[Records drawn from a dataset]

+ + + + +

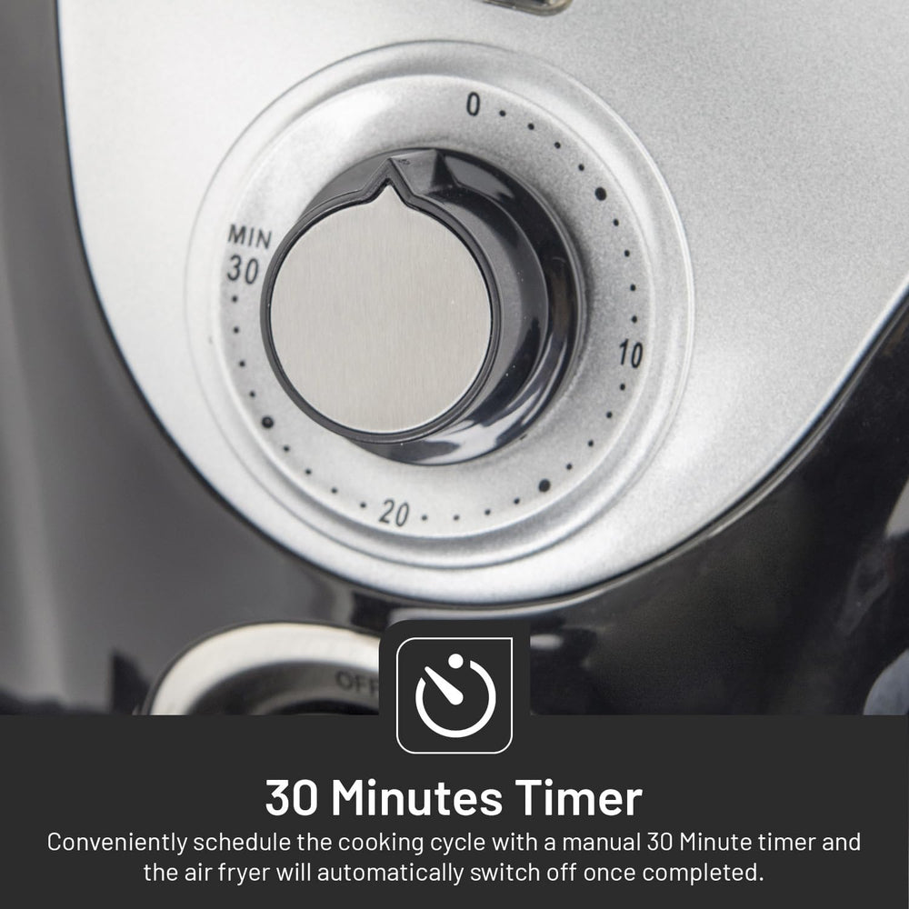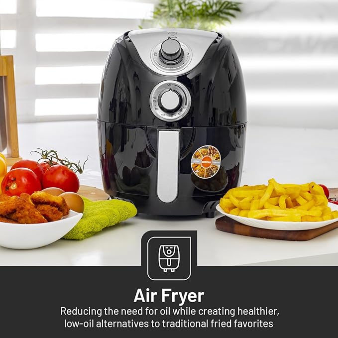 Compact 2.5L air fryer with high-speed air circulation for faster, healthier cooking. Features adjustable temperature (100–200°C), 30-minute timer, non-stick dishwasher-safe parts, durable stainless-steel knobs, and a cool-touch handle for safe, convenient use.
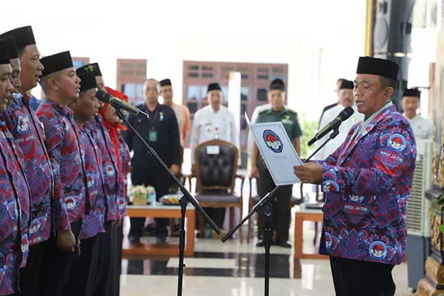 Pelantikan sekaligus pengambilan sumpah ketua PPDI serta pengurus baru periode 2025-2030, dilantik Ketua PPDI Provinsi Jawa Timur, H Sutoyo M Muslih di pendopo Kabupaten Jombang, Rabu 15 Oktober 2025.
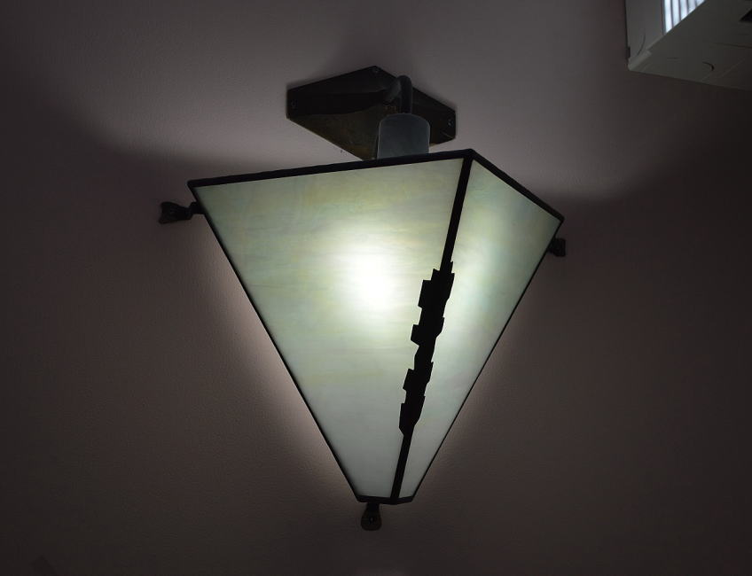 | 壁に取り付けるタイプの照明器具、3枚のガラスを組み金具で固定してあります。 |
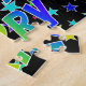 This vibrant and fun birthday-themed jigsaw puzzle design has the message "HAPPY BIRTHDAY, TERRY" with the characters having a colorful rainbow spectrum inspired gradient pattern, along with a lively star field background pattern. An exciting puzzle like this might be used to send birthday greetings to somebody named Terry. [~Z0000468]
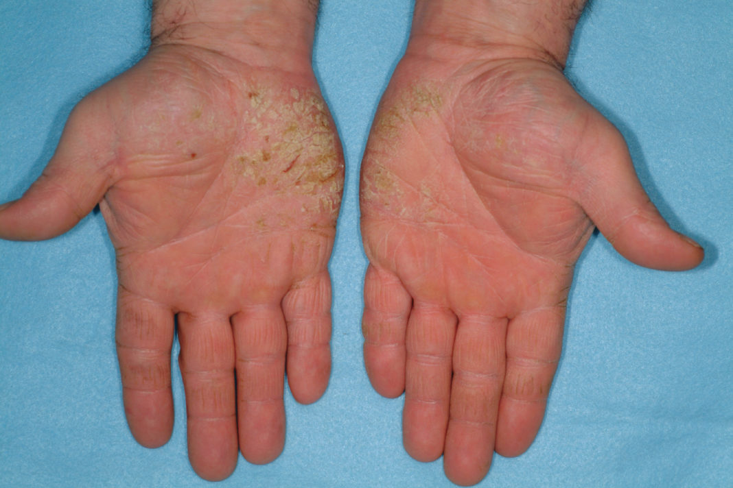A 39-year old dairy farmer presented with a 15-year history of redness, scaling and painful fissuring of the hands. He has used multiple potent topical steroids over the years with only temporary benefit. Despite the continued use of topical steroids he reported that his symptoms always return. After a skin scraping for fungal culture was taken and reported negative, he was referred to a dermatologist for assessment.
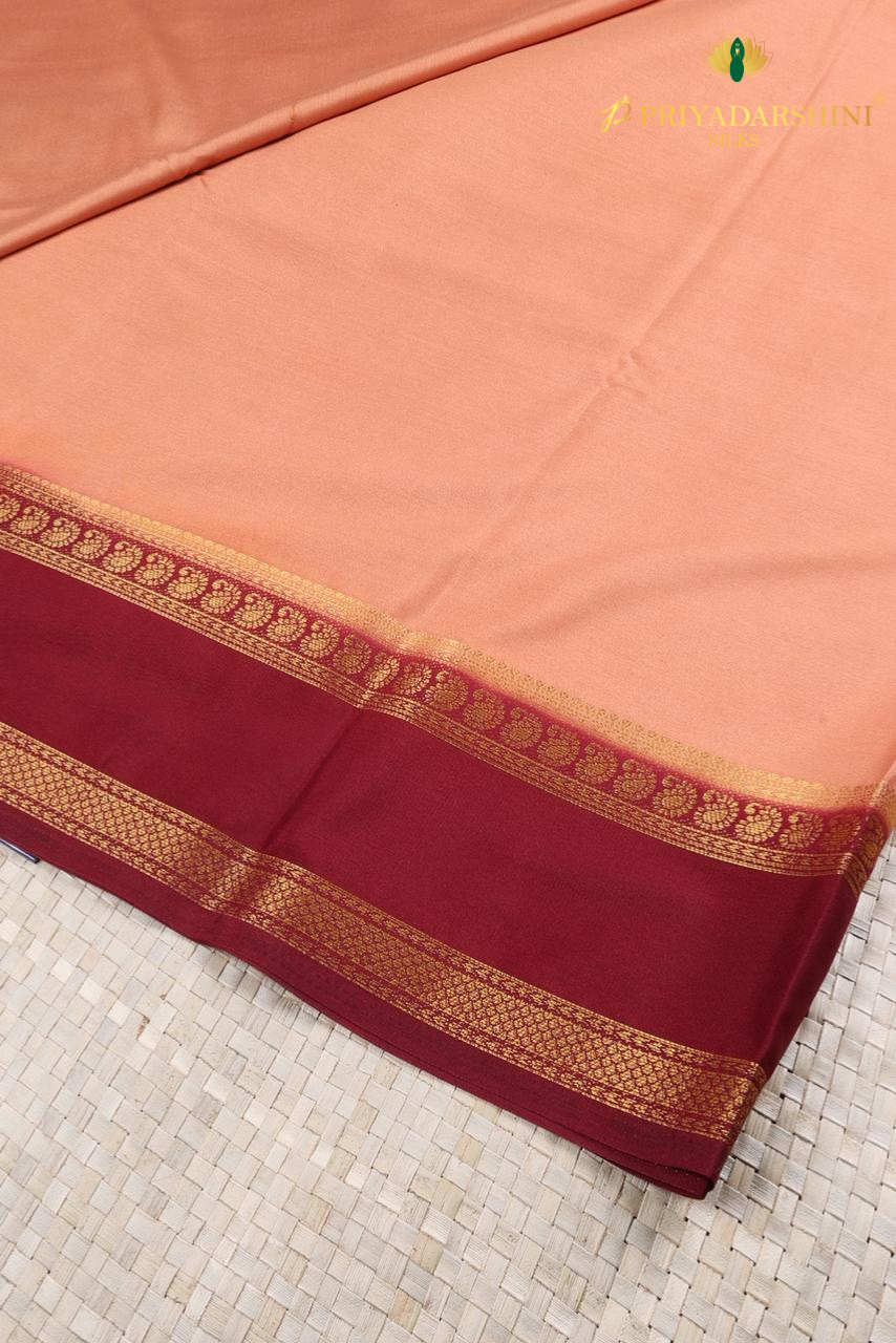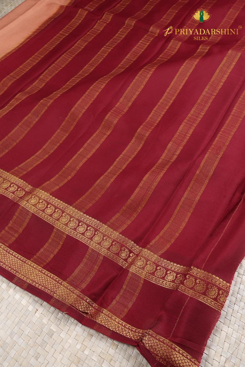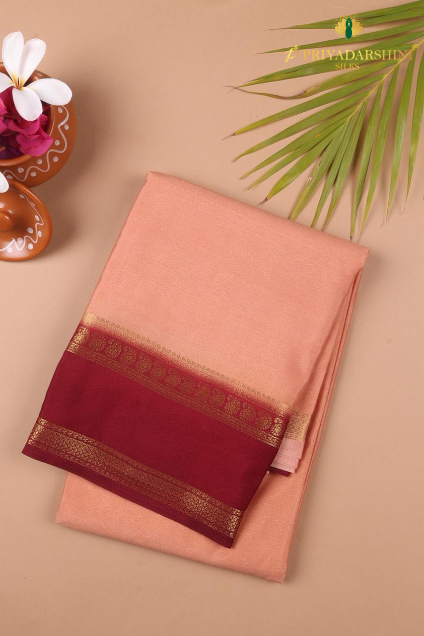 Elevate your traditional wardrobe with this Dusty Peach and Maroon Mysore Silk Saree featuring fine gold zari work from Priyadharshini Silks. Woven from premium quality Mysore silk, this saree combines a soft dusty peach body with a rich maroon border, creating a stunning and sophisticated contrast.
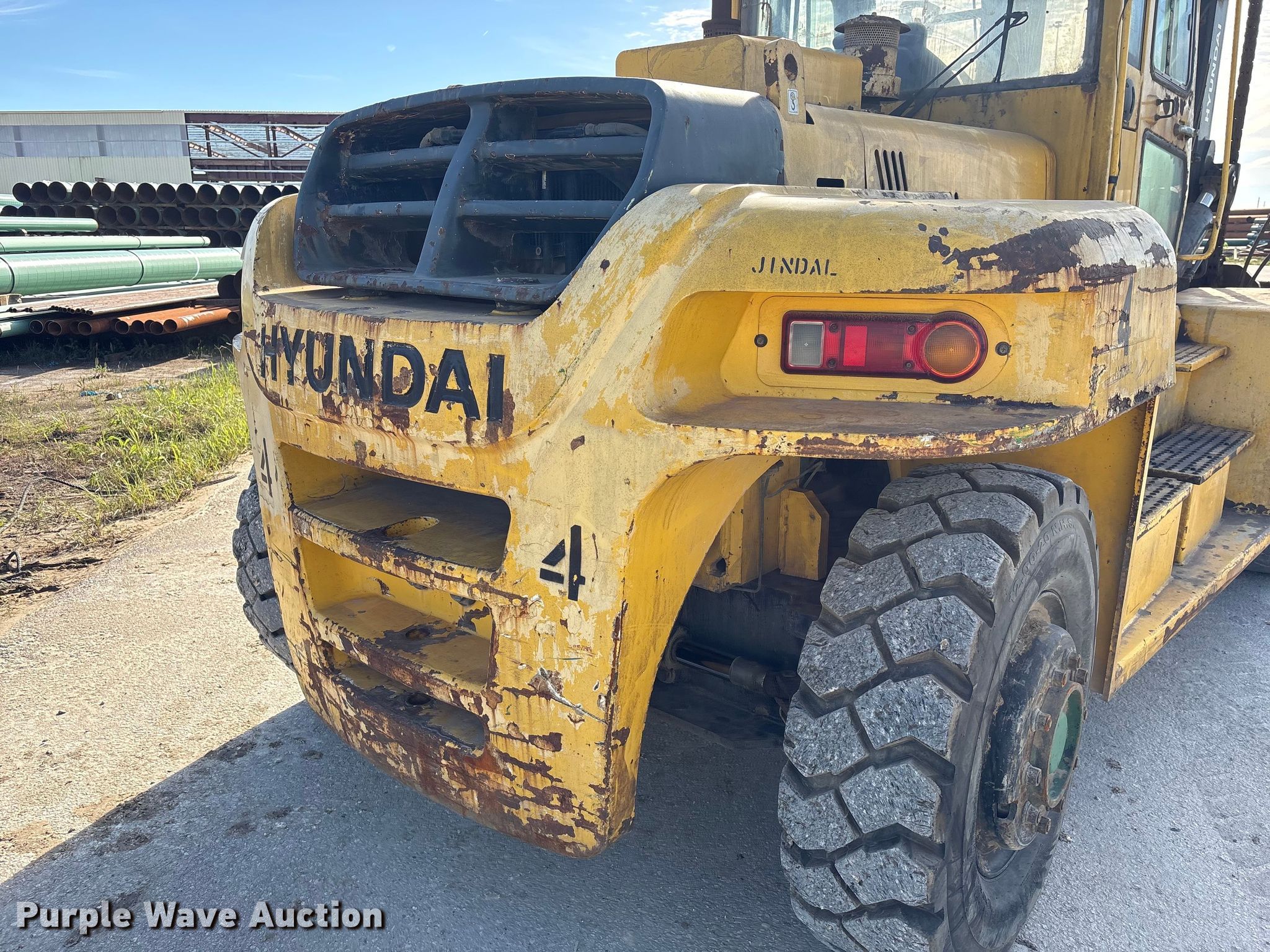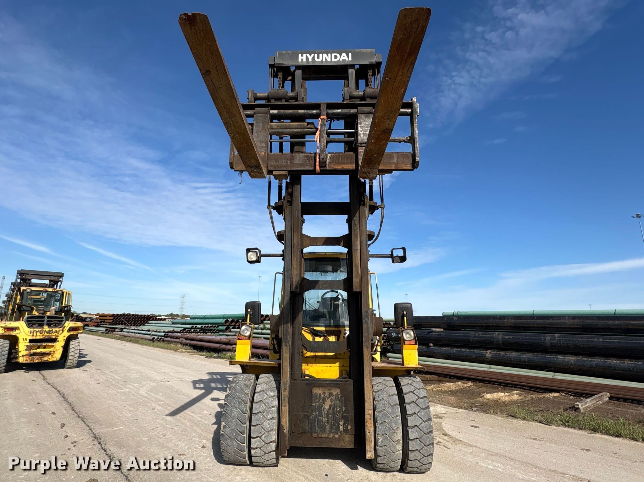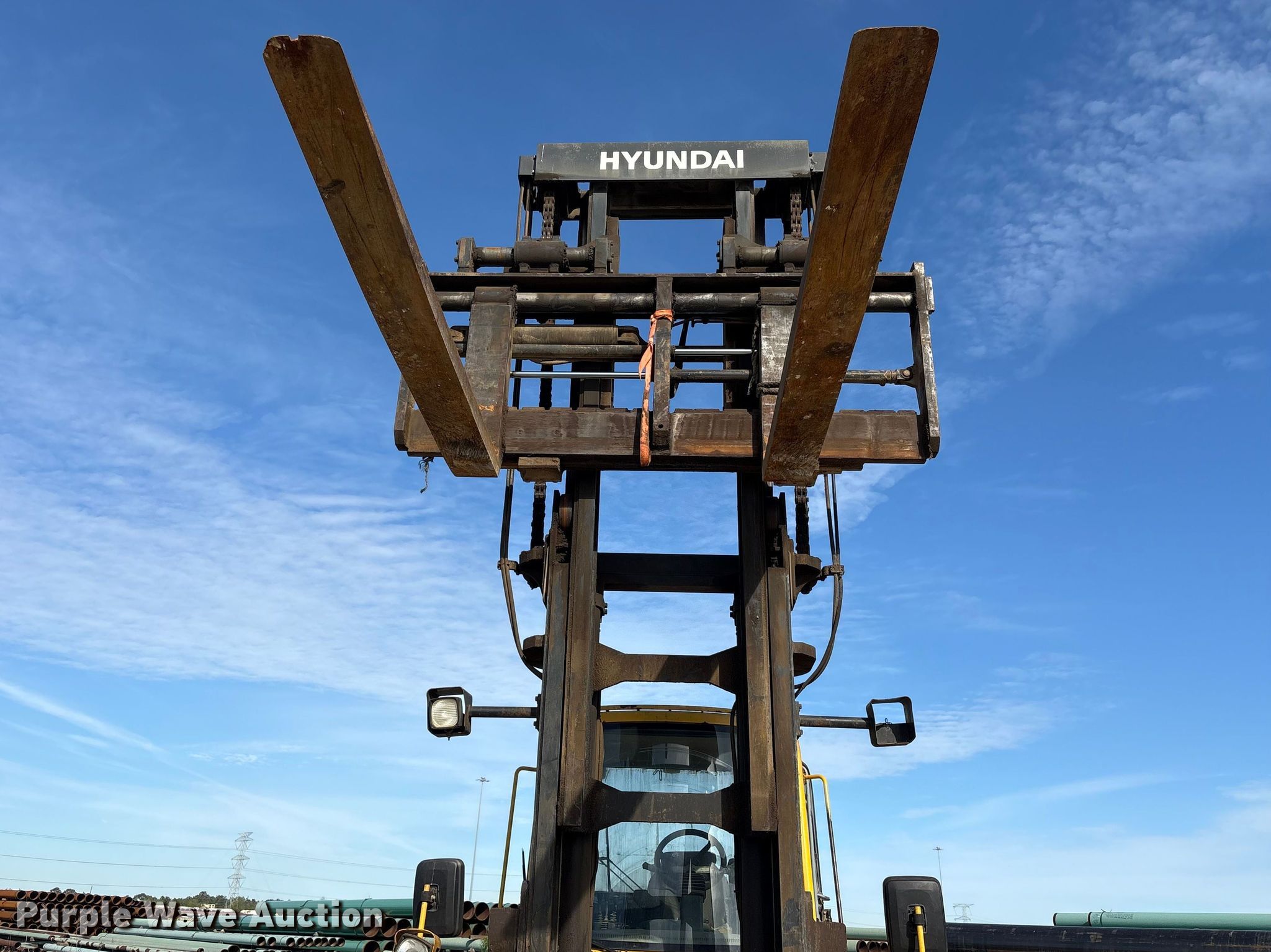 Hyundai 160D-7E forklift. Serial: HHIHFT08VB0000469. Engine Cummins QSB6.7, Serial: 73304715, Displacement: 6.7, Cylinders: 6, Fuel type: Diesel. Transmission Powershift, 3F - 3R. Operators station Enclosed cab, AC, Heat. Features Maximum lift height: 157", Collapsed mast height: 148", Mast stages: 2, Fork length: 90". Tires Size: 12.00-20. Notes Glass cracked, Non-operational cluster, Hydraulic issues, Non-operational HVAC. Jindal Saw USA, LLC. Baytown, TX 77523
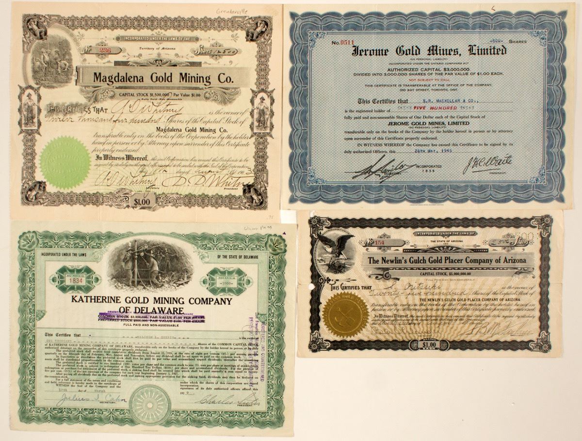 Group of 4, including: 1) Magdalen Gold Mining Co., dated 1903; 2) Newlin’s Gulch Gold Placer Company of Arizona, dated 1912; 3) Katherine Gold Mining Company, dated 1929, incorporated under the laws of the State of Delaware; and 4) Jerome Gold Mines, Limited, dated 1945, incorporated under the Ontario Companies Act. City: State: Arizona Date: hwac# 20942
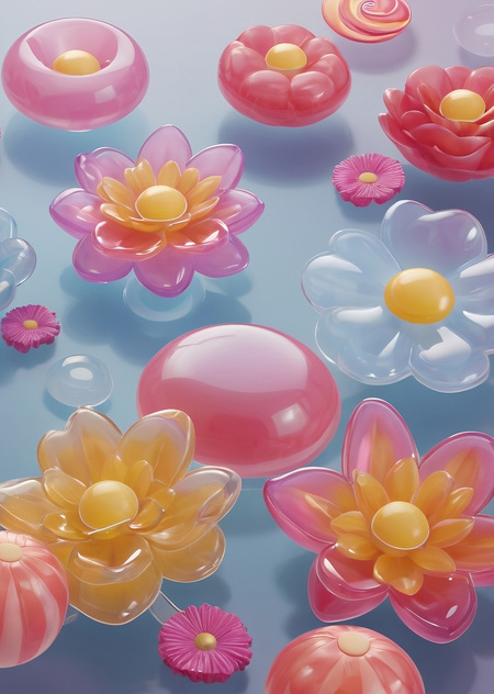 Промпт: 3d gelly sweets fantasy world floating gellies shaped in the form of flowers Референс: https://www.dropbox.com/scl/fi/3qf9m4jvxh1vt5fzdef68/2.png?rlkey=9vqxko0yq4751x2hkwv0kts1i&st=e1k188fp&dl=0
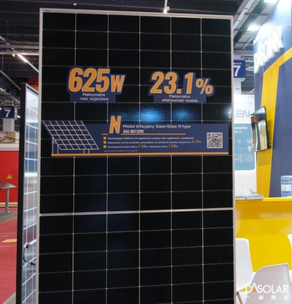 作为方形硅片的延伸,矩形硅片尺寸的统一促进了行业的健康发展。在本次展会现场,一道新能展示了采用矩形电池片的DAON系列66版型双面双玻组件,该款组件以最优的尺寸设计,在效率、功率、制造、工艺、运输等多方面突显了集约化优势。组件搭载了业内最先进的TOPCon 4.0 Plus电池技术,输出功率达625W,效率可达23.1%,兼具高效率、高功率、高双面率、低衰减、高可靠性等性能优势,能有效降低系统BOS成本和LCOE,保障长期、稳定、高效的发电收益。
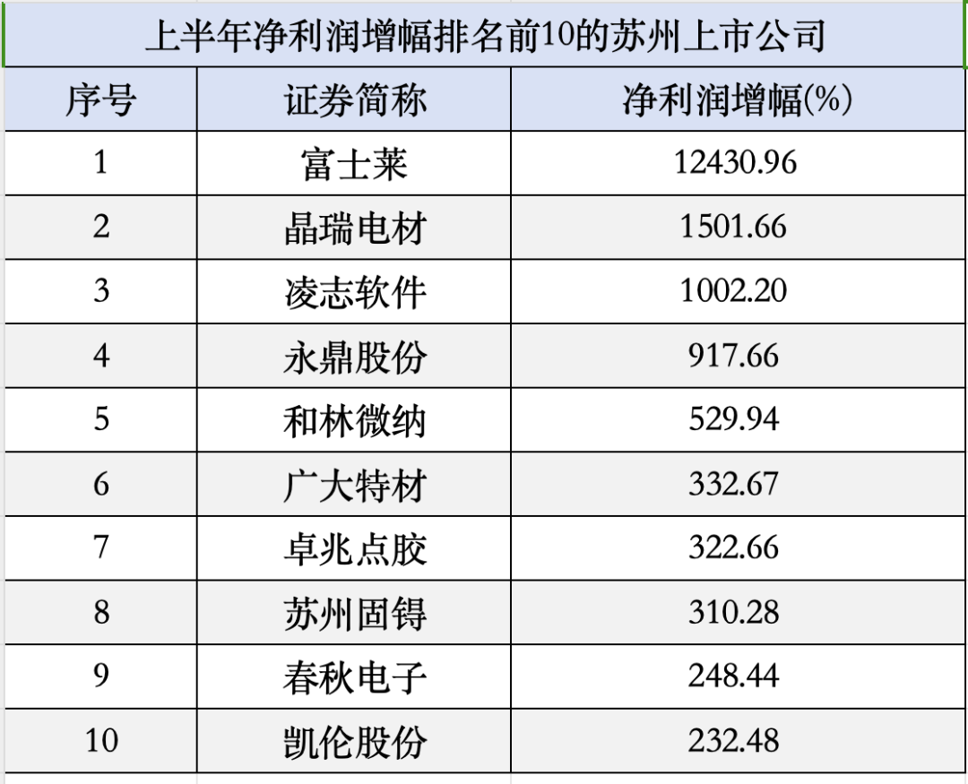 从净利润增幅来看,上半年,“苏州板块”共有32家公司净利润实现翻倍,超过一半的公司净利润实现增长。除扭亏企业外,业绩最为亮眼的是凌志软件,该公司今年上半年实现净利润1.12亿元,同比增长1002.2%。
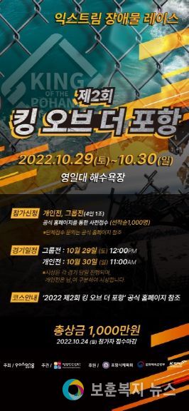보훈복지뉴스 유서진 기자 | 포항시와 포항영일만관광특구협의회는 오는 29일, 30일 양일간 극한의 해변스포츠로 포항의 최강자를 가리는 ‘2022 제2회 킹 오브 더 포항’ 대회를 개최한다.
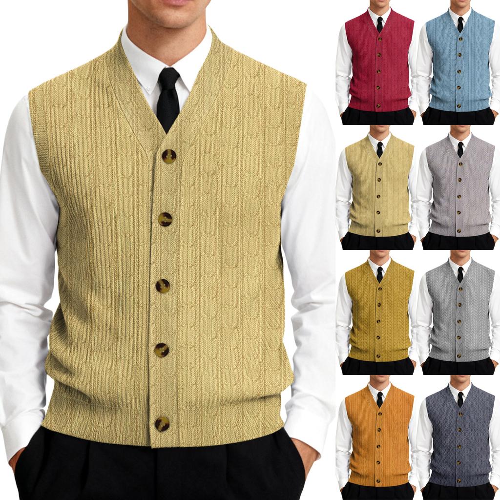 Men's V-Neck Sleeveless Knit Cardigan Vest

+ + + + +

=== EXERCISE OBJECTIVE ===
Begin at the first line of the entries and stop after the line holding "This vibrant and"; repeat those lines exactly, but not the pictures.

=== EXERCISE SOLUTION ===
 Compact 2.5L air fryer with high-speed air circulation for faster, healthier cooking. Features adjustable temperature (100–200°C), 30-minute timer, non-stick dishwasher-safe parts, durable stainless-steel knobs, and a cool-touch handle for safe, convenient use.
 Pelantikan sekaligus pengambilan sumpah ketua PPDI serta pengurus baru periode 2025-2030, dilantik Ketua PPDI Provinsi Jawa Timur, H Sutoyo M Muslih di pendopo Kabupaten Jombang, Rabu 15 Oktober 2025.
 | 壁に取り付けるタイプの照明器具、3枚のガラスを組み金具で固定してあります。 |
 This vibrant and fun birthday-themed jigsaw puzzle design has the message "HAPPY BIRTHDAY, TERRY" with the characters having a colorful rainbow spectrum inspired gradient pattern, along with a lively star field background pattern. An exciting puzzle like this might be used to send birthday greetings to somebody named Terry. [~Z0000468]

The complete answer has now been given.